American musician (1908–1994)

Raymond Scott (born Harry Warnow; September 10, 1908 – February 8, 1994) was an American composer, bandleader, pianist, record producer, audio engineer, and inventor. In his lifetime he was primarily recognized as a composer of production music and the leader of the Raymond Scott Quintette, but he has since become better known as a pioneer of popular electronic music.

Though Scott was never contracted to compose for animation, Carl W. Stalling adapted his music for more than 120 Looney Tunes and Merrie Melodies films produced by Warner Bros. Cartoons. His compositions may also be heard in The Ren and Stimpy Show (which uses Scott's recordings in twelve episodes), The Simpsons, Duckman, Animaniacs, The Oblongs, Batfink, Puppetoons, and SpongeBob SquarePants. The only time he specifically composed to accompany animation was for three 20-second commercial jingles for County Fair Bread in 1962.

==Early life and career==
Scott was born Harry Warnow in Brooklyn on September 10, 1908, to Russian Jewish immigrants Joseph and Sarah Warnow. His older brother, Mark Warnow, was a conductor, violinist, and musical director for the CBS radio program Your Hit Parade and encouraged his musical career.

A 1931 graduate of the Juilliard School, where he studied piano, music theory, and composition, Harry began his professional career as a pianist for the CBS Radio house band, conducted by Mark.
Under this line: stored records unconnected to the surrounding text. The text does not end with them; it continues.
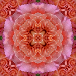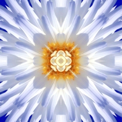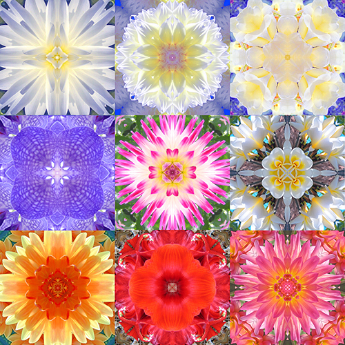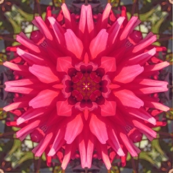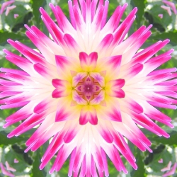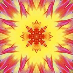 Betrachte das Blütenmandala sorgfältig in all seinen Einzelheiten. Beobachte die Feinheit der Farben und Strukturen.
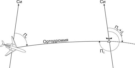 А если для расчета пеленга использован не магнитный, а ортодромический курс? Очевидно, что ортодромический пеленг радиостанции
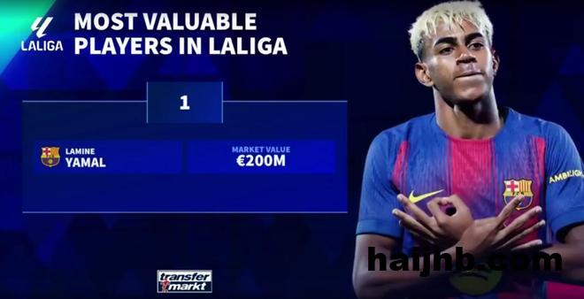 1 巴萨-亚马尔(18岁) 2亿欧(较上期保持不变)
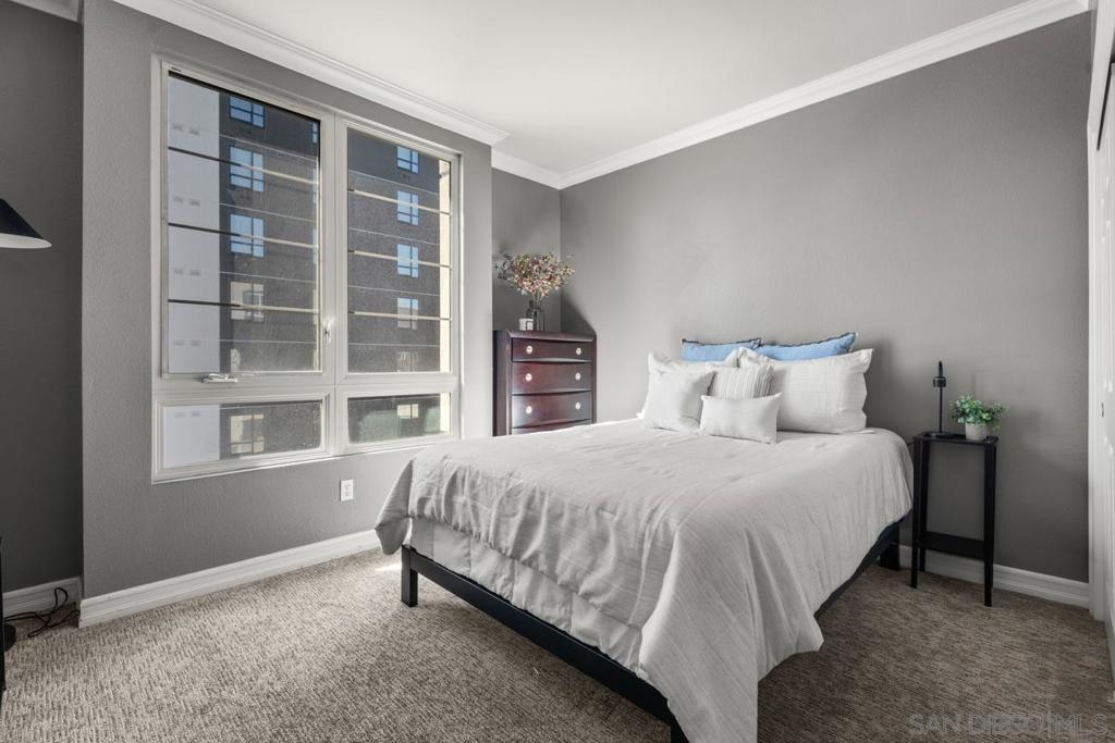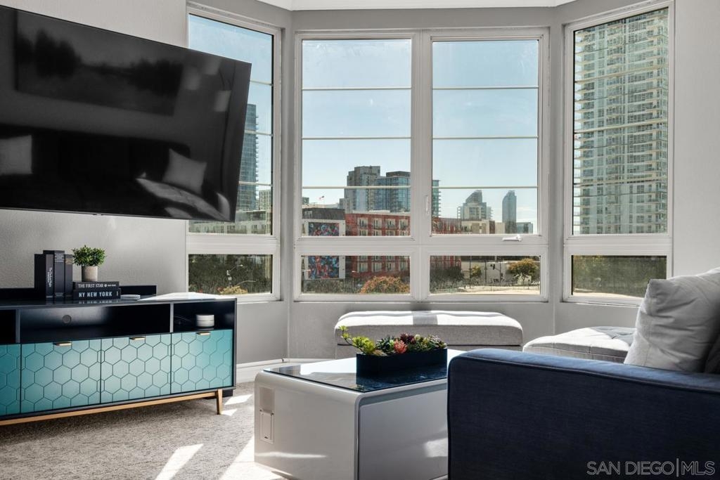 GREAT OPPORTUNITY to own the ** lowest priced 3 bedroom in 92101/92103/92104/92116 ** Welcome to Union Square, where urban convenience meets contemporary comfort. This 5th-floor corner unit is flooded with natural light through expansive windows and features soaring 9-foot ceilings that create an airy, open feel. A true rarity downtown, this is a full **3-bedroom residence—not a 2-plus-den/loft—** with generously sized rooms, an open-concept layout, ample storage throughout, and gorgeous views of the city & Coronado Bridge! The primary suite offers an ensuite bath and a large walk-in closet with built-ins. Both bathrooms feature shower/tub combos, granite vanities, and updated modern lighting. Additional highlights include central AC and heating, two parking spaces with a storage cage above, and a seamless flow between the living, dining, and kitchen spaces—perfect for everyday living or entertaining. Step outside your door and enjoy all that Downtown San Diego has to offer. You’re just steps from San Diego City College, a short walk to Petco Park, and positioned near the highly anticipated East Village Green (Phase 1 opening in 2025). Union Square is a pet friendly building and residents enjoy resort-style amenities, including a fully equipped fitness center with sauna and jacuzzi, BBQ areas, a community lounge and party room, EV charging stations, and a year-round calendar of social events. Onsite management ensures peace of mind, while the vibrant East Village location keeps the best of downtown dining, culture, and entertainment within easy reach.
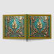 Beautiful gold leaves set against a teal background cover this elegant guest book.
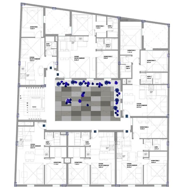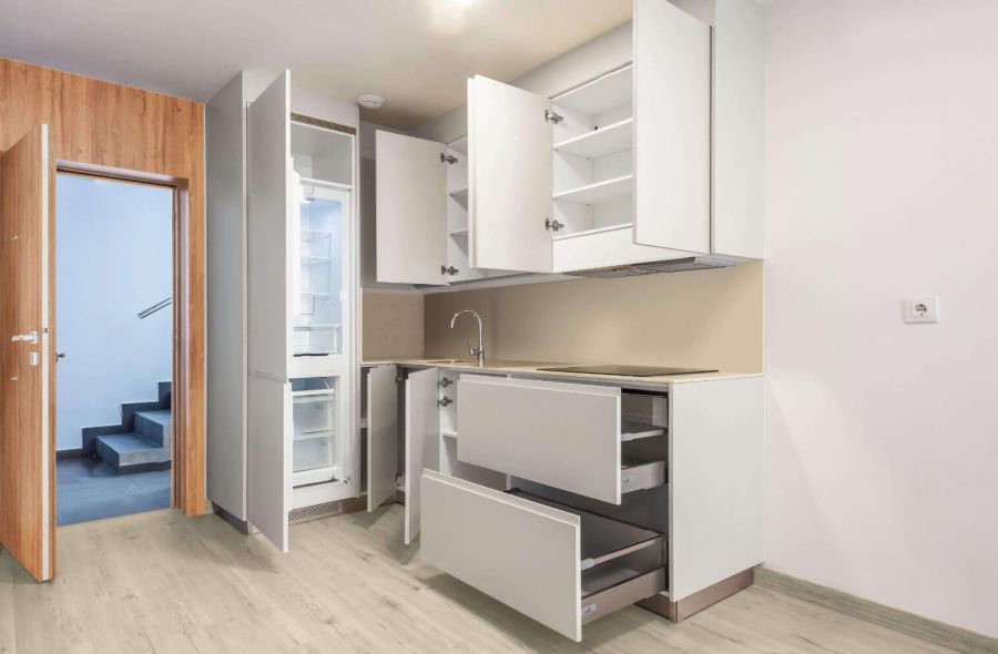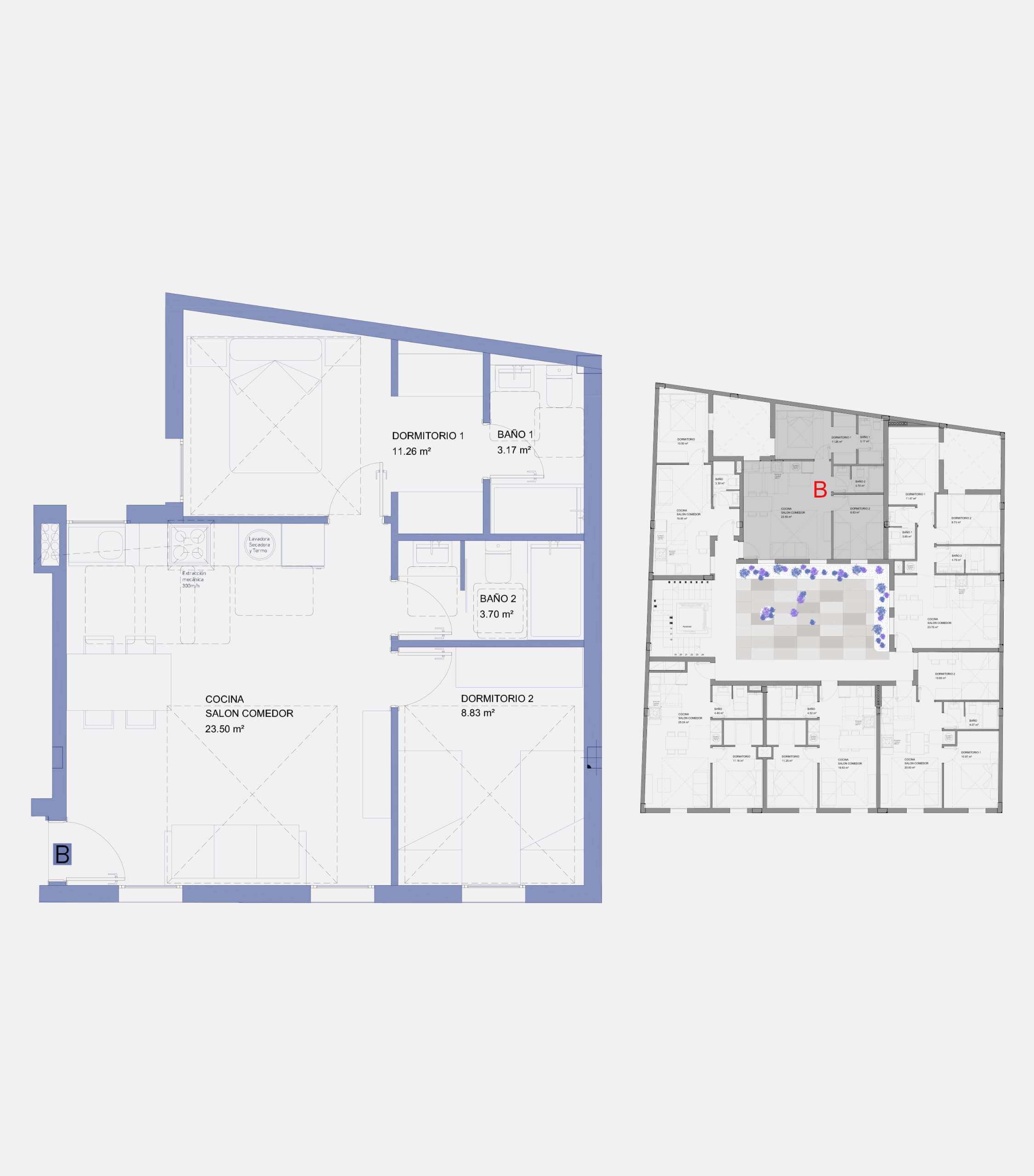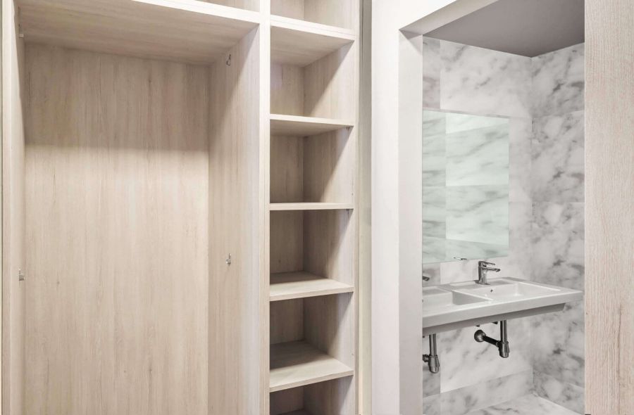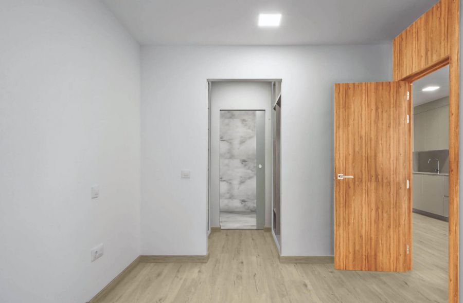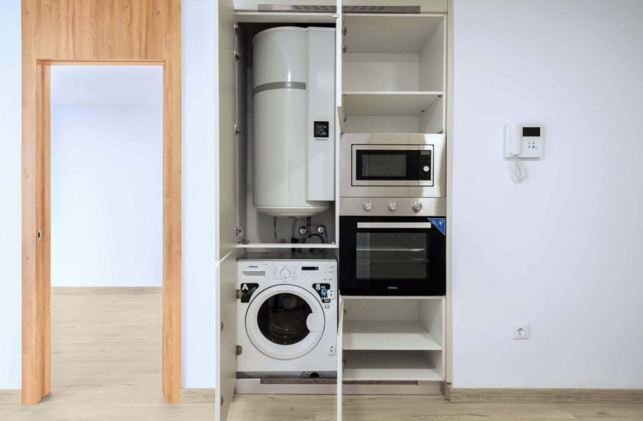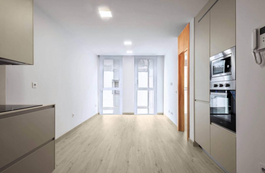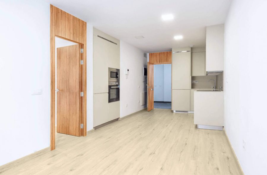 Apartamento de 2 dormitorio Puerta de acceso de seguridad con bisagras antipalanca y tres puntos de anclaje. Puertas de paso y armarios hasta el techo con base encapsulada en chapa de madera natural con herrajes de alta calidad. Dormitorio principal equipado con armarios o vestidores. 2 baños completos modernos y elegantes con pavimento y paredes aplacadas en mármol natural e inodoro suspendido, lavabo encimera, columna de ducha y griferías marca ROCA. Cocina con muebles altos y bajos, con encimera COMPAC y herrajes de alta calidad. Electrodomésticos, que incluyen horno convencional, placa de inducción, campana extractora y lavadora y frigorífico integrado.
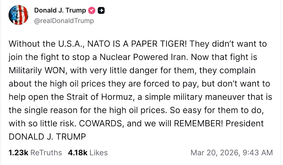 Donald Trump is facing a revolt from his once-counted-upon allies over his war in Iran. Protesters in NATO ally countries raged against Trump, 79, on Saturday, taking to the streets in demonstrations against the United States and Israel over the surprise war in Iran, which began on Feb. 28. In Montreal, hundreds of demonstrators wielded megaphones and held signs disparaging Trump and Israeli Prime Minister Benjamin Netanyahu. “Israel and Pedophile Trump Bombs Iran Over Lies Now Your Family Struggles As Food & Gas Goes Up!” one large banner read, according to footage of the demonstrations. Another demonstrator held figurines depicting Trump and Netanyahu wearing bloodied aprons. A similar sentiment emerged in Madrid, where 4,000 demonstrators gathered for a rally, according to reports. Earlier in March, Trump labeled the country a “loser” after Spanish Prime Minister Pedro Sánchez did not allow the use of their shared military bases for the war. Other protests in Edinburgh and Amsterdam were held in conjunction with the International Day for the Elimination of Racial Discrimination, which was designated by the United Nations after South African authorities opened fire on a peaceful anti-apartheid demonstration in 1960, killing 69 people in what is now known as the Sharpeville Massacre. The international outcry over the conflict—which has killed thousands in Iran and neighboring countries, including 13 U.S. servicemembers—comes as the president has repeatedly raged against NATO allies for their lack of support for the war he started without consulting them. “Without the U.S.A., NATO IS A PAPER TIGER!” Trump ranted on Truth Social on Friday. “They didn’t want to join the fight to stop a Nuclear Powered Iran.” The president went on to declare victory against Iran—as he has done repeatedly, only to reverse course and threaten new military strikes hours later—and berate allied leaders for not assisting the United States in keeping the Strait of Hormuz, a waterway through which a fifth of the world’s oil travels, open amid the conflict. “Now that fight is Militarily WON, with very little danger for them, they complain about the high oil prices they are forced to pay, but don’t want to help open the Strait of Hormuz, a simple military maneuver that is the single reason for the high oil prices,” he wrote. “So easy for them to do, with so little risk. COWARDS, and we will REMEMBER!” the president continued. Trump escalated his verbal attacks on his NATO counterparts this week as oil prices surged—Brent crude, the global benchmark, briefly approached $120 a barrel at its peak. On Thursday, Trump complained in the Oval Office that NATO did not want to help defend the Strait, but claimed, “Now they’re getting much nicer because they’re seeing my attitude.” “As far as I’m concerned, it’s too late,” Trump declared. For their part, some European leaders have stood firmly behind NATO’s stated mission to defend allied countries from attacks, not provoke them. “France’s posture is unchanged: Defensive. Protective,” French Response, the official X account of France’s foreign ministry, wrote in a March 16 post responding to another threat from Trump. Little support for Trump and Israel’s war on Iran exists among allied countries. An IPSOS poll from March 18 found that 80 percent of British respondents expressed “concern” over the economic impact of the conflict, while 79 percent of French citizens said they fear it will spread beyond the Middle East. Additionally, a majority of Canadians (60 percent) disapprove of the U.S. strikes, which were launched without congressional approval. The Daily Beast has reached out to the White House for comment.
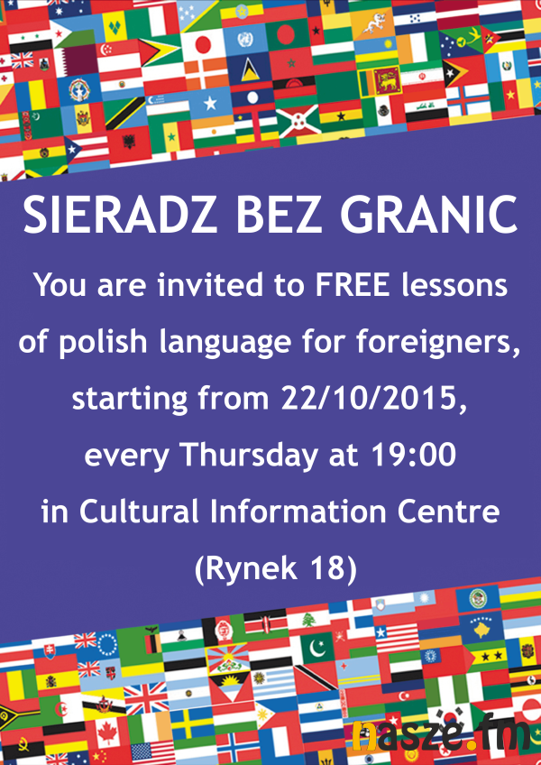 Darmowe lekcje języka polskiego dla cudzoziemców z regionu odbędą się dziś (22 października) w Centrum Informacji Kulturalnej w Sieradzu. Organizatorzy zapowiadają, że lekcje będą cykliczne. Początek dzisiejszych zajęć o 19.
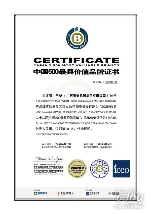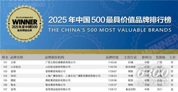 6月18日,2025年(第二十二屆)世界品牌大會(huì)暨中國500最具價(jià)值品牌發(fā)布會(huì)在北京舉行。玉柴憑借卓越的品牌影響力和持續(xù)創(chuàng)新的企業(yè)實(shí)力,以1143.06億元的品牌價(jià)值,位列“中國500最具價(jià)值品牌”榜單第101名、內(nèi)燃機(jī)行業(yè)首位。
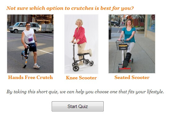 Чтобы максимально облегчить жизнь пользователям, бренд предлагает пройти небольшой тест и ответить на несколько вопросов. Вместо чтения длинных текстов, какие костыли подходят для каких случаев, просто ответьте на несколько вопросов и получите ответ.
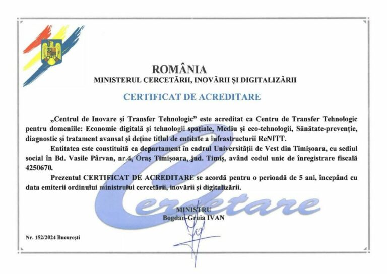 Universitatea de Vest din Timișoara are plăcerea de a anunța obținerea certificatului de acreditare nr. 152/2024, împreună cu ordinul nr. 20616 privind acreditarea și acordarea titlului de entitate a infrastructurii ReNITT pentru „Centrul de Inovare și Transfer Tehnologic” constituit în cadrul Universității de Vest din Timișoara, consolidând astfel angajamentul instituției față de promovarea inovației și a transferului tehnologic.
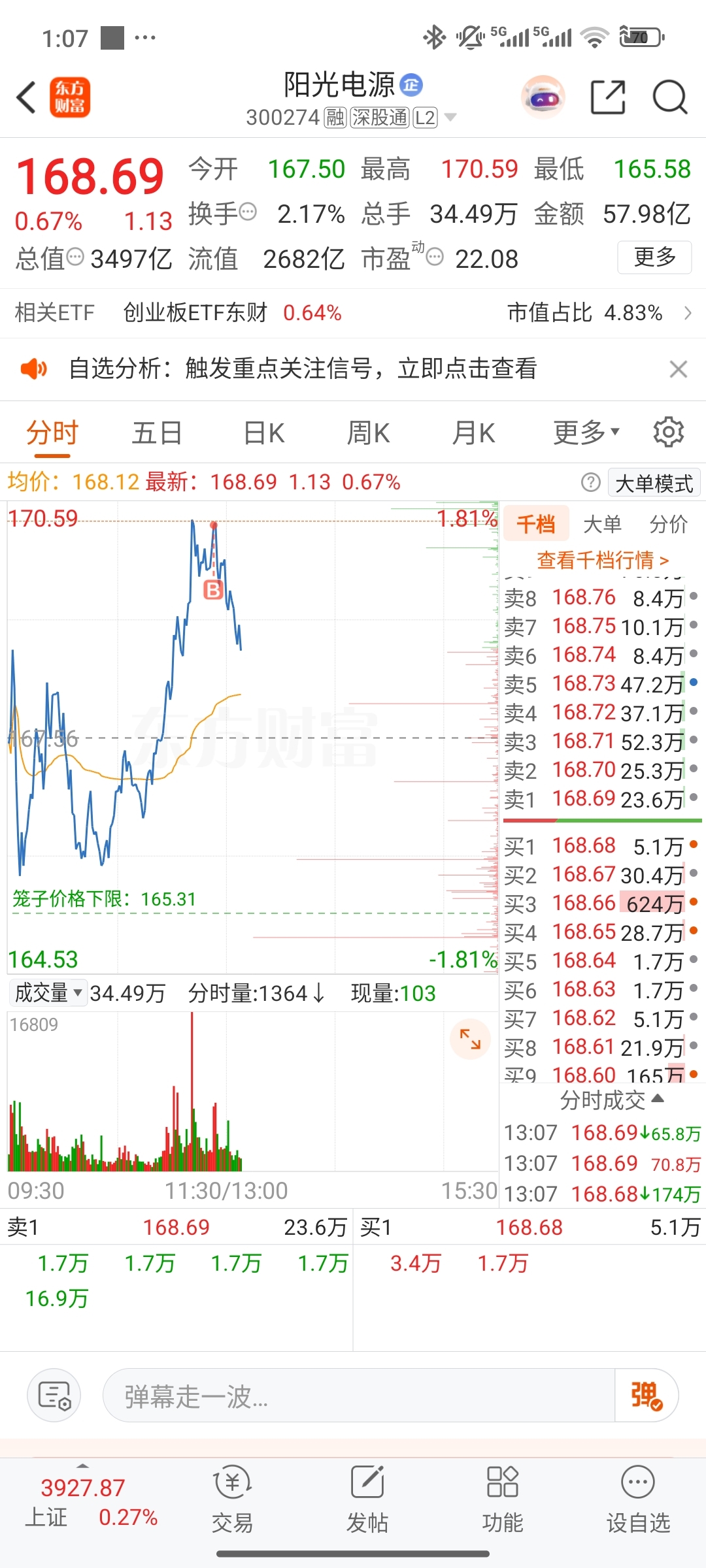 $阳光电源(SZ300274)$ 昨天卖飞了,今天看到他要起飞很生气,我果断买了一手直接把他干下来
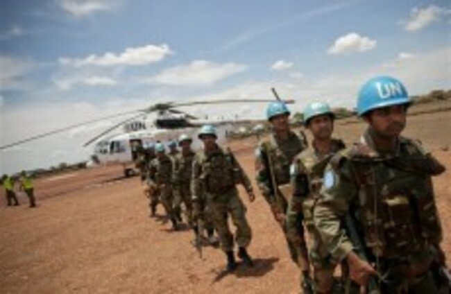 Indian soldiers serving with the international peacekeeping force arrive by helicopter in Abyei, Sudan. AP Photo/UNMIS, Stuart Price

He adopted the name "Raymond Scott" to spare Mark charges of nepotism when the orchestra began performing his compositions. In 1935, he married Pearl Zimney.

In late 1936, Scott assembled a band from among his CBS colleagues, naming it the Raymond Scott Quintette. It was a six-piece group, but he thought "Quintette" sounded "crisper"; he also told a reporter that he feared "calling it a 'sextet' might get your mind off music." His sidemen were Pete Pumiglio (clarinet); Bunny Berigan (trumpet, later replaced by Dave Wade); Louis Shoobe (double bass); Dave Harris (tenor saxophone); and Johnny Williams (drums). They made their first recordings in New York on February 20, 1937, for Master Records, owned by publisher and lyricist Irving Mills.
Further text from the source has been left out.